James Arlen Gillaspie wrote:There's nothing quite like a polite leer, ma'am. :D I once worked on a 'Maximilian' backplate that had lines for steps chiseled very shallowly into them. The reason they were not obliterated is that, apparently, there was a design change that made the steps around the armholes to produce the usual recessed channel effect undesirable, so the steps were never forged. That shows that at least one cuirass maker had someone do that so that the stake would find the correct spot most easily and he could proceed with the greatest speed -another of those things that one can do if you have several people in the shop, not just one man. If you are by yourself, well, sometimes if I'm out of practice I will chisel a couple of lines long enough that the stake can find them so I start out in the right place without having to diddle around getting started, but doing the whole line wouldn't work anyway because one needs to know what it will look like on the outside, not the inside.

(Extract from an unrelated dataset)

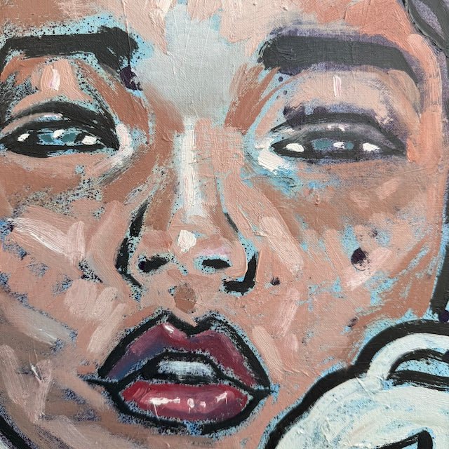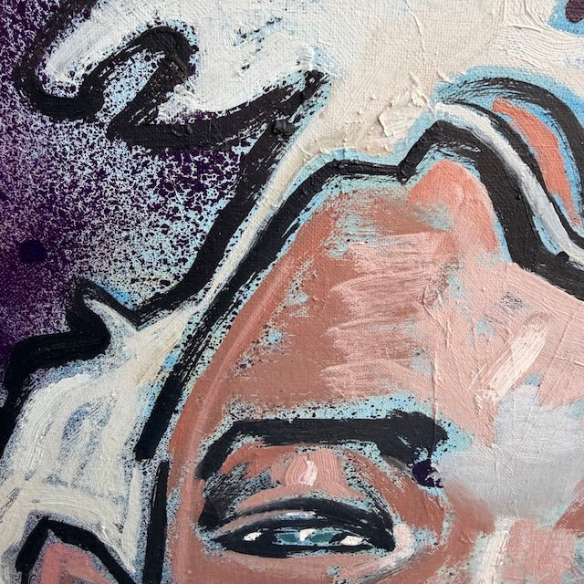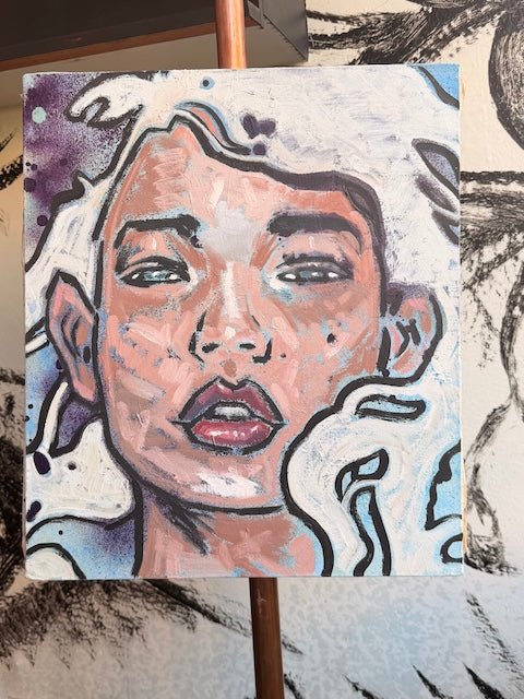 This composition is a a close-up of a stylised face framed by soft, flowing forms, blending abstraction with contemporary portraiture. Warm pinks and earthy tones are layered with cool blues and deep shadows, while bold outlines and textured brushstrokes add depth.

The thing that drives me mad is that I took all sorts of photos of that cuirass, but not one of the interior surface to show those lines, which may be a unique survival. :oops:
James,

Can you be sure that he did not just knock the steps down flat again to make the recessed border? That would leave the tool marks on the underside, even though the flutes were gone.

Mac
Robert MacPherson

The craftsmen of old had their secrets, and those secrets died with them. We are not the better for that, and neither are they.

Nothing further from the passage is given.